Garcia on Meinong
May 17, 2012
I’ve now read Tristan Garcia’s essay distinguishing his own position from Meinong’s (and to a lesser extent from mine). It’s a wonderful essay, lucid as usual. If you’re comfortable in French, you can find the essay publicly available HERE.
If you want to hear Garcia deliver the lecture in person at the marvelous seminar series of the Atelier de métaphysique et d’ontologie contemporaines at the ENS in Paris, or if you just want to hear what Garcia sounds like in speech, click HERE. (Hat tip, Martin Fortier.)

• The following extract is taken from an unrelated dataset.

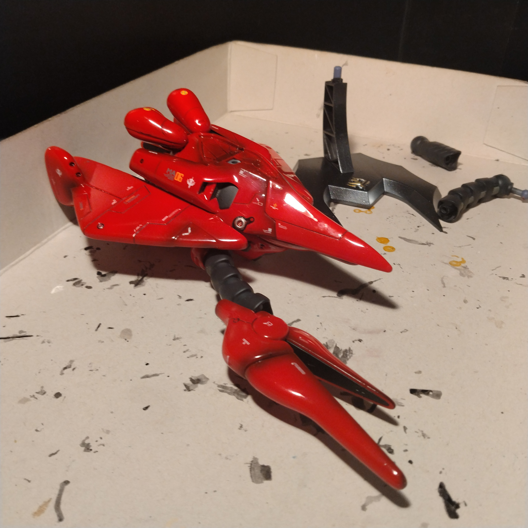 すみません!🙏制作ストーリーは前回で終了と言いましたが、ちょっと予定が変わって少し伸びました!😅まぁ取り敢えずはあらかた組み上がったのでチラッとだけアップします!😄でもまだ完成では無いです!モノアイを色々考えたのですが!小さすぎて手持ちの一番小さいものでも収まらなかったので!結局は塗りました!本当は反射系のモノアイをピタッと瞬間で付ける予定でした!無ので乾燥中です!それとまだワックスかけてないので!組み立ての時に指紋が付きまくってます!😄なので終わりではありません!😄この制作ストーリーの投稿がホントの終了になります!🙏次回は完成投稿しますので!お暇がありましたら観覧宜しくお願いします!😀
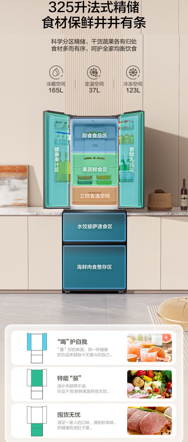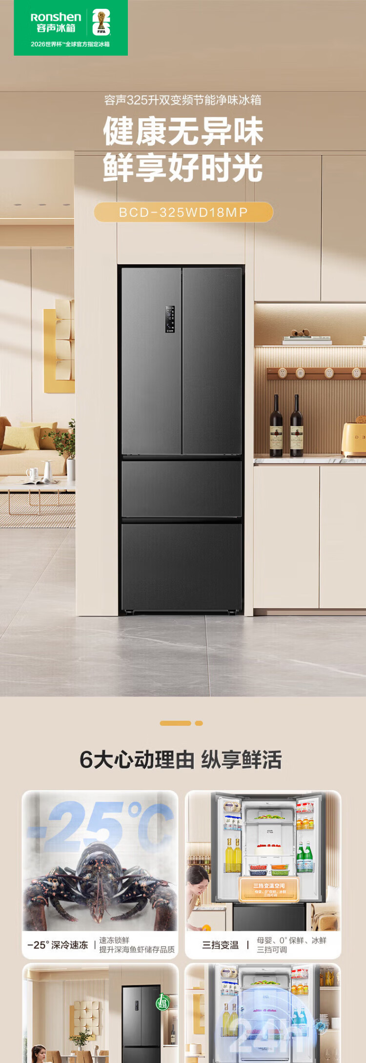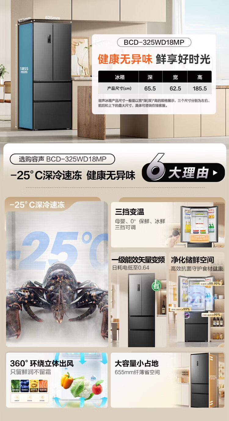 Rongsheng 325-liter double-cycle French multi-door four-door double-door first-class energy efficiency dual-frequency air-cooled frost-free ultra-thin recessable small-family household refrigerator national subsidy BCD-325WD18MP Mo Yun Gray

A simple summary of the essay would go as follows:
*The deep intuition of Meinong’s philosophy is that there should be complete ontological equality (flatness) between everything, including non-existent and contradictory things. This leads to paradoxes that are preyed upon by the likes of Russell and Quine, who oppose their strong ontological constraint on what can exist to what Garcia celebrates as Meinong’s weak ontological constraint.

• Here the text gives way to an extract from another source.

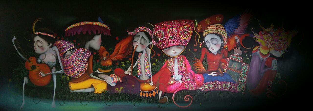 Muestra individual de Joan Alfaro reconocido en el presente año como artista representante de la Marca Perú, nos invita a ser cautivados por el exotismo de nuestros andes, entre colores pasionales, siluetas lúdicas y temáticas emocionales. Esta aventura surrealista coloca sobre el lienzo a personajes entrañables que nos muestran el deseo constante de aquellos pueblos que luchan por mantenerse vivos, poniendo frente a nuestros ojos el origen de nuestro pasado. Sus pinturas son el reflejo de una vida con tristezas y alegrías entretejidas como un laberinto, donde la única salida es el arte de color en medio de unas pinceladas lúdicas y estratégicas. De esta manera, la alianza entre recuerdos de pasajes dolorosos de la vida en los andes y el arte lúdico y alegre que escenifican las pinceladas de Joan Alfaro deja un sentido de pertenencia en cada una de sus obras. El artista, hace brotar de su imaginación y propias vivencias, y a través de un estilo costumbrista, la cultura latente de nuestro Perú, la misma que evoca nuestras raíces y orígenes.

*Garcia defends Meinong against Russell and Quine. But he also thinks that Meinong is not true to his own intuition, and is imprisoned in a triangle of motivations. First, Meinong (like Husserl) is an heir of Brentano in the sense of wanting to view objects as the correlates of real or possible intentions. Second, he wants to be as liberal as possible in what counts as an object, which ought to encourage him to acknowledge non-representable objects as well, though the first impulse prevents him from doing so. And third, he feels the need to classify objects into various types.

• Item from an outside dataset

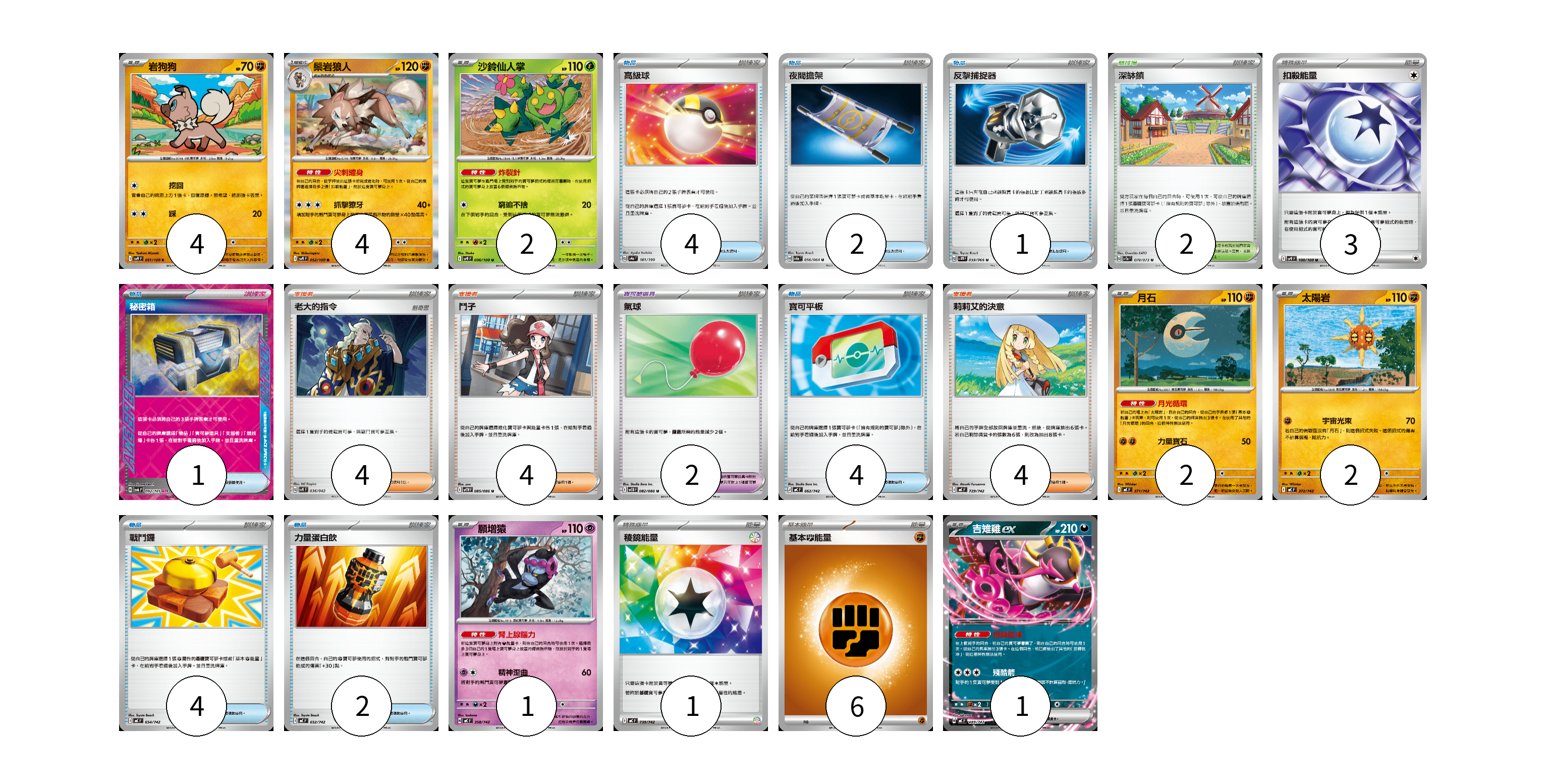 牌組構築方案 以此牌組為基礎新構築牌組 顯示卡面 顯示列表 寶可夢卡(16) 4 4 2 2 2 1 1 寶可夢道具(2) 2 物品卡(18) 4 2 1 1 4 4 2 支援者卡(12) 4 4 4 競技場卡(2) 2 能量卡(10) 3 1 6 寶可夢卡(16) 卡牌名稱 張數 卡牌名稱 張數 岩狗狗 SV9 051/100 04 鬃岩狼人 SV9 052/100 04 沙鈴仙人掌 SV9 006/100 02 月石 MC 371/742 02 太陽岩 MC 372/742 02 願增猿 MC 358/742 01 吉雉雞ex MC 489/742 01 寶可夢道具(2) 卡牌名稱 張數 卡牌名稱 張數 氣球 SV11B 082/086 02 物品卡(18) 卡牌名稱 張數 卡牌名稱 張數 高級球 SV4a 161/190 04 夜間擔架 SV6a 056/064 02 反擊捕捉器 SV4M 059/066 01 秘密箱 SV6 092/101 01 寶可平板 MC 662/742 04 戰鬥鑼 MC 654/742 04 力量蛋白飲 MC 652/742 02 支援者卡(12) 卡牌名稱 張數 卡牌名稱 張數 老大的指令 SVK 036/042 04 鬥子 SV11W 085/086 04 莉莉艾的決意 MC 729/742 04 競技場卡(2) 卡牌名稱 張數 卡牌名稱 張數 深缽鎮 SV1a 070/073 02 能量卡(10) 卡牌名稱 張數 卡牌名稱 張數 扣殺能量 SV9 100/100 03 稜鏡能量 MC 739/742 01 基本【鬥】能量 MC FIG 06 以此牌組為基礎新構築牌組 牌組編碼 ylWAJF-kQnCWF-Cuudel copy 列印牌組單 牌組編碼已複製 分享至SNS

*Garcia sees the second point as Meinong’s true impulse, and the other two as tending to undercut it. He criticizes various neo-Meinongians for launching a scholastic program of classification (the third impulse) and has little sympathy for the Brentanian first impulse for the reason just mentioned– to say that all objects must be the objects of real or possible intentions is to make a decision in advance to limit the field of objects.
*Garcia has a number of positive things to say about speculative realism (he cites both me and Meillassoux), and holds that speculative realism has liberated us from the intentional/correlational view of objects.
*Nonetheless (and he’s talking about me here), Garcia dislikes the tendency to split objects into two different types (as I do). This leads him to make the foundational gesture of his book Forme et objet, which is to distinguish between things (which enjoy a purely formal flat equality, and exist in solitude from one another) and objects (which exist inside of other objects, comprehended by them [in the sense of encompassed by them, not necessarily as cognitively understood by them]).
*Garcia dislikes the concept of substance (apparently even in my reformed version of it) for this reason. A substance is both solitary and has specific properties, and this makes it compact, which is Garcia’s chief polemical term just as correlationism is Meillassoux’s and vorhanden is Heidegger’s.
*Garcia also challenges the excessive emphasis in recent philosophy on events at the expense of things.
If you missed my long review of Garcia’s book in continent, it can be found HERE.
It’s always a pleasure to read Garcia. His erudition and innovation, his style both lucid and personally warm, and his unpretentious and effortless thoroughness, all make him a philosopher to keep a close eye on.
Also, I can’t recommend strongly enough that you also keep a close eye on the ATMOC website, HERE, to see the rigorous and interesting things they are doing in that group in Paris these days. There will be plenty more important French philosophy in the decades to come, though it will have a rather different flavor from what we’re used to from the 1960’s and 1970’s. And Garcia will be in the thick of it, for sure.